Data items
/---

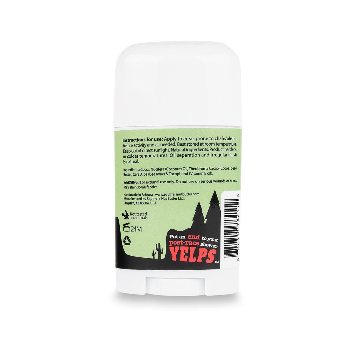 Protect areas of skin prone to chafing and blisters with the world's best all-natural, Anti-Chafe Stick from Squirrel's Nut Butter. Coconut oil and cocoa butter create a slick, lasting barrier on the surface of your skin to prevent rubbing and irritation. Beeswax makes the slick barrier effective and long-lasting as it holds the oil and butter in place to keep your skin moisturized and chafe-free. That's why the happiest squirrels butter their nuts!
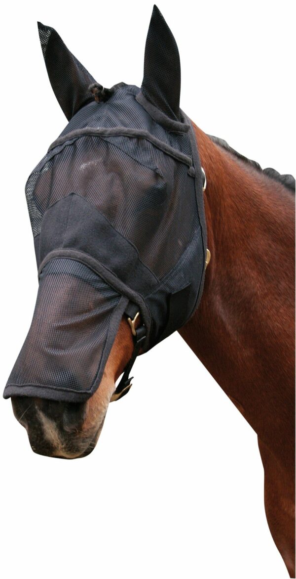 Soepel masker met coupenaden bij de ogen. Vast neusdeel. Klittenbandsluiting bij de keel.
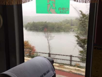標高1420mの白樺湖まで来ました。雨が降ってきました。
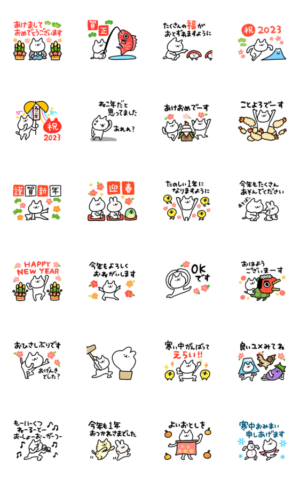 しょぼいねこのあけおめスタンプです 正月 あけおめ 年末年始 2023 年賀状 猫年※2023/1/3(火)23:59までに購入すると特典「LINEおみくじ」がもらえます。YOSHIDA より発売
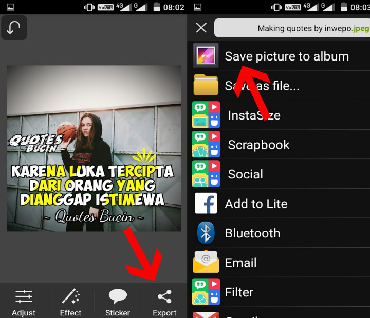 9. Sampai disini kamu sudah berhasil membuat Making Quote pada Foto menggunakan Picsay. Langkah terakhir kamu hanya perlu menyimpan hasil editingnya.
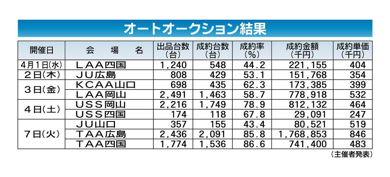 〈オートオークション結果〉中・四国地区 2026/4/1~7
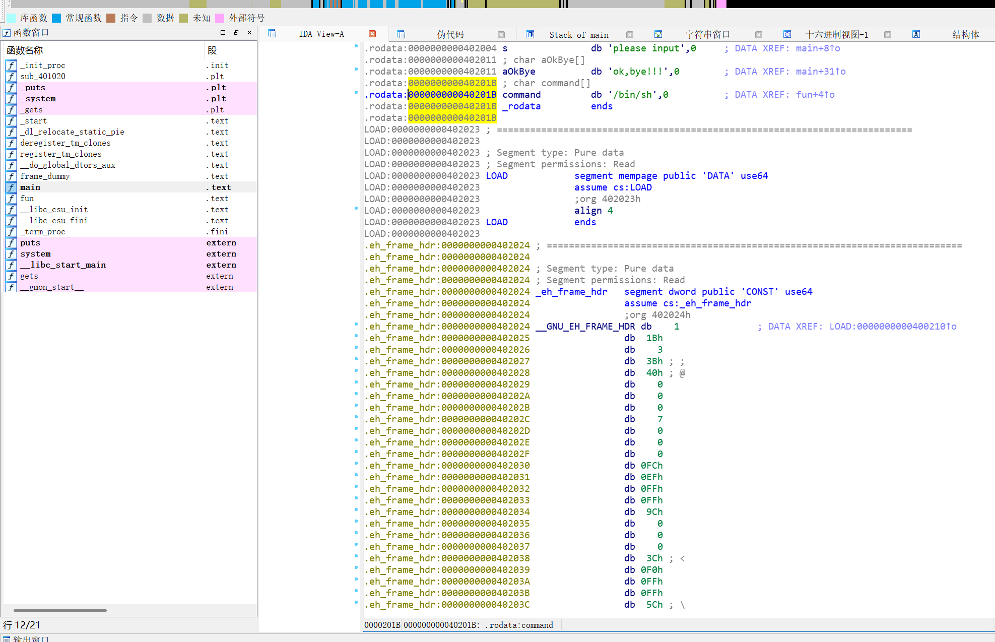 然后我们按Shift+F12打开string窗口,一键找出所有的字符串,去寻找它的后门函数
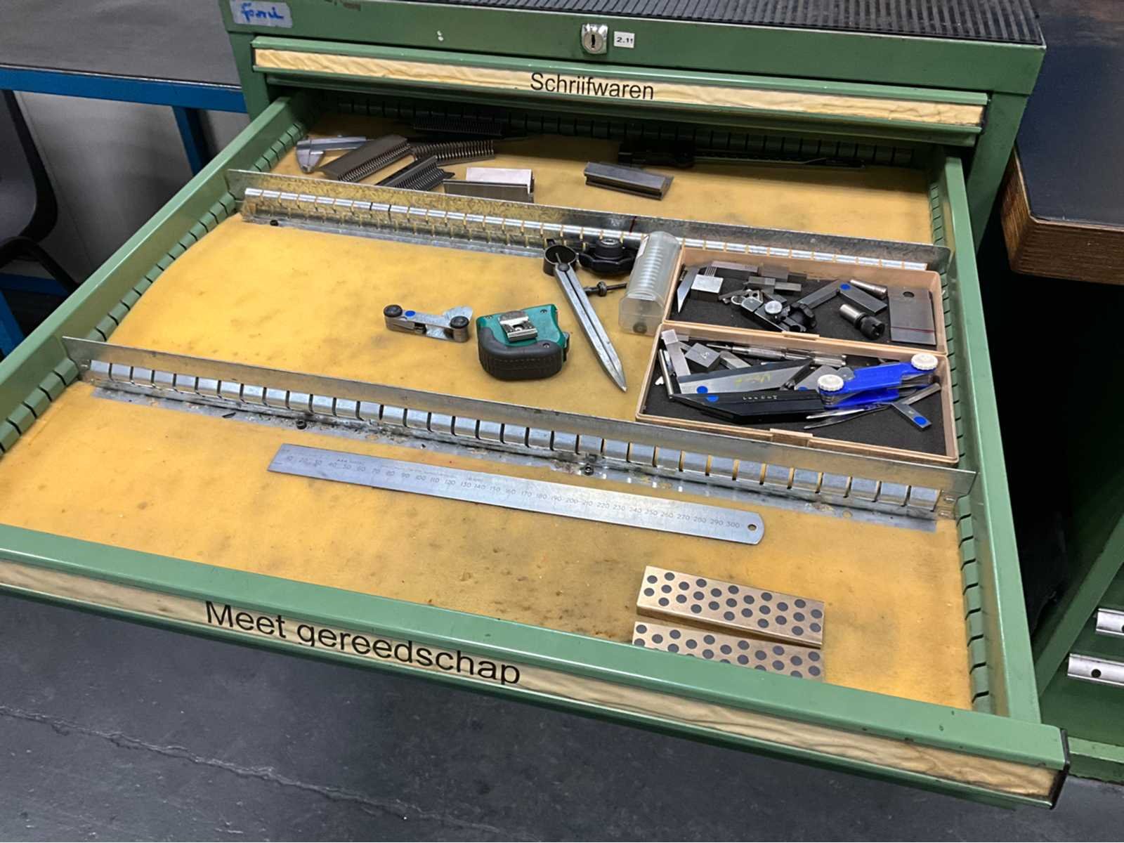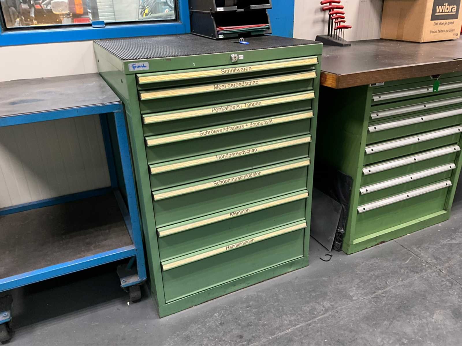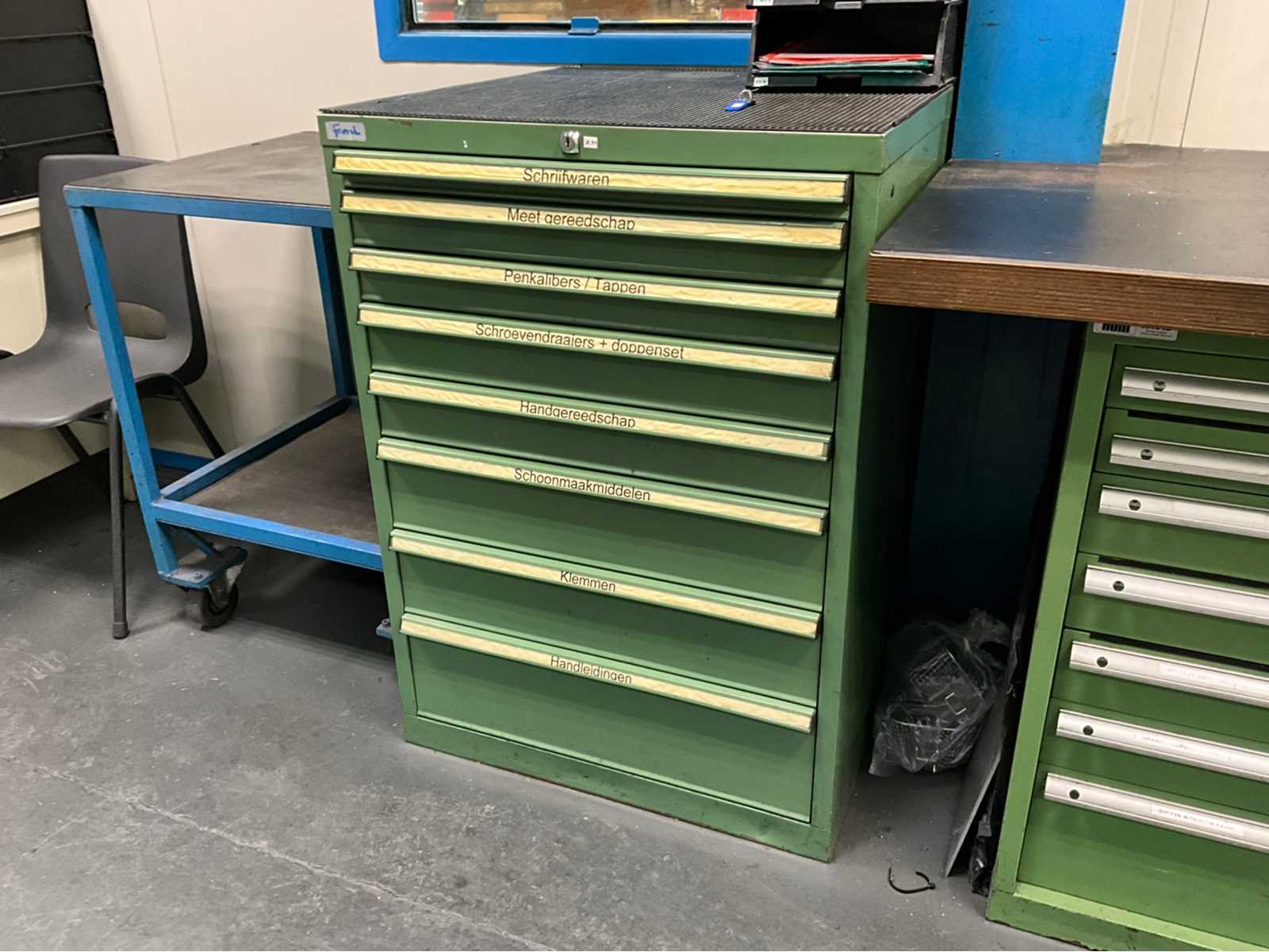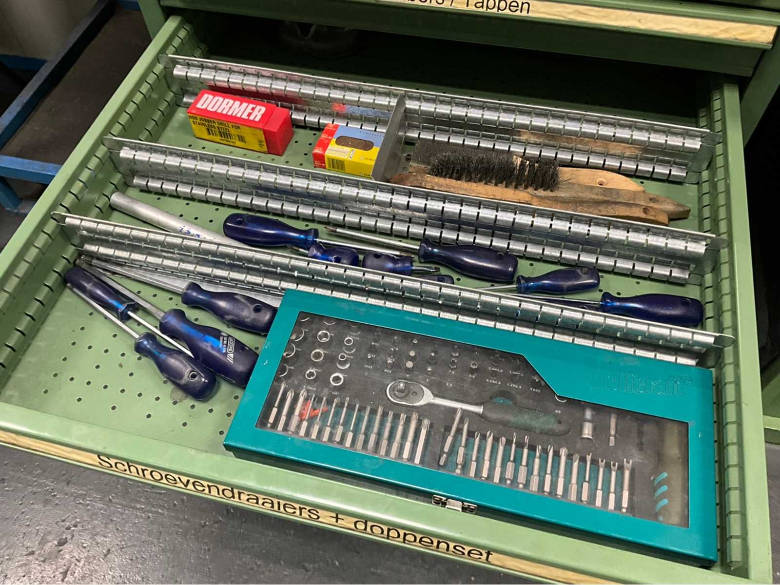 Voorzien van 8 lafen; Inclusief inhoud waaronder boren; handgereedschappen; Totale afmeting L: 720mm Totale afmeting Breedte: 720mm Totale afmeting Hoogte: 1000mm
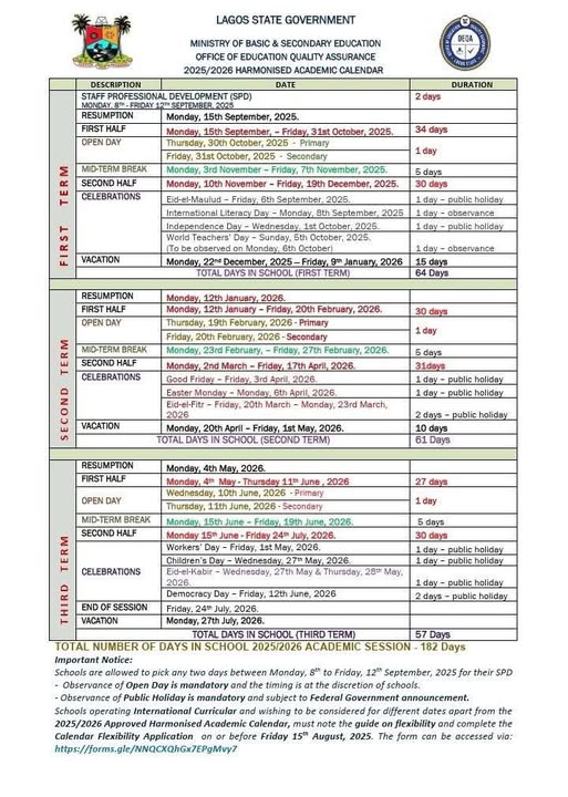 The Lagos State Ministry of Basic and Secondary Education (MB&SE) has officially released the Approved 2025/2026 Harmonised Academic Calendar for all schools below the tertiary level. This mandatory calendar applies to all public and private schools operating across Lagos State.
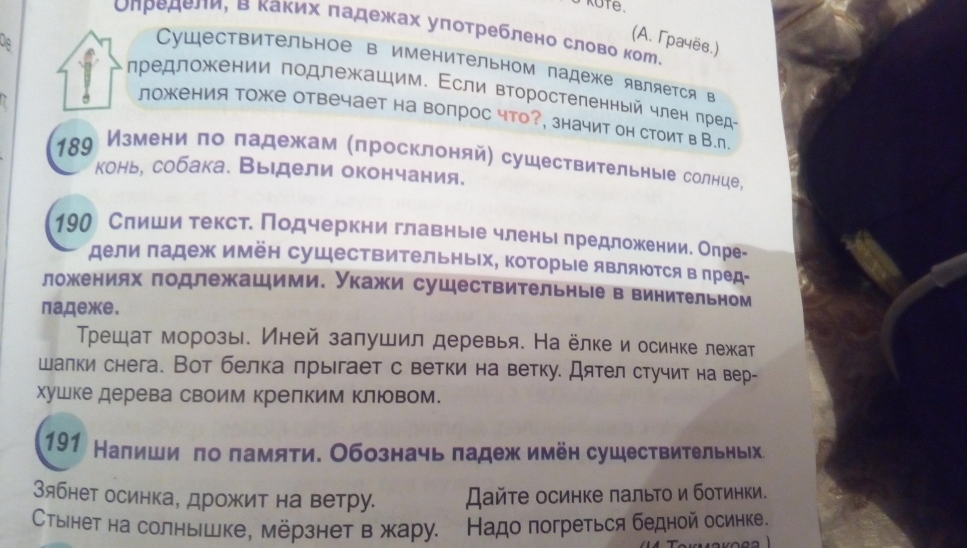 Трещат(сказ) морозы(подл, Им. падеж). Иней(подл, Им. пад) запушил (сказ) деревья (Вин. п). На елке и осинке лежат(сказ) шапки(подл, им. пад) снега. Вот белка(подл, им.п) прыгает(сказ) с ветки на ветку(Вин. п). Дятель (подл,им.п) стучит(сказ) на верхушке дерева своим крепким клювом.
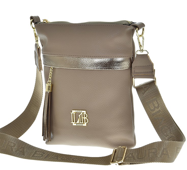 Kabelka má dlouhý, nastavitelný popruh přes rameno a lze ji tak nosit jako crossbody. Kabelka má na přední i zadní straně kapsy na zip. Kabelka má zapínání na zip. Uvnitř kabelky je černá podšívka, kapsa na zip a otevřená kapsa na mobil. Kovové komponenty mají zlatou barvu. Kabelka je velmi lehká.

\---

**Task objective:**
Exclude the pictures, and output exactly the lines from the one with "Voorzien van 8" through the last line of the records, both included.

**Completed task:**
 Voorzien van 8 lafen; Inclusief inhoud waaronder boren; handgereedschappen; Totale afmeting L: 720mm Totale afmeting Breedte: 720mm Totale afmeting Hoogte: 1000mm
 The Lagos State Ministry of Basic and Secondary Education (MB&SE) has officially released the Approved 2025/2026 Harmonised Academic Calendar for all schools below the tertiary level. This mandatory calendar applies to all public and private schools operating across Lagos State.
 Трещат(сказ) морозы(подл, Им. падеж). Иней(подл, Им. пад) запушил (сказ) деревья (Вин. п). На елке и осинке лежат(сказ) шапки(подл, им. пад) снега. Вот белка(подл, им.п) прыгает(сказ) с ветки на ветку(Вин. п). Дятель (подл,им.п) стучит(сказ) на верхушке дерева своим крепким клювом.
 Kabelka má dlouhý, nastavitelný popruh přes rameno a lze ji tak nosit jako crossbody. Kabelka má na přední i zadní straně kapsy na zip. Kabelka má zapínání na zip. Uvnitř kabelky je černá podšívka, kapsa na zip a otevřená kapsa na mobil. Kovové komponenty mají zlatou barvu. Kabelka je velmi lehká.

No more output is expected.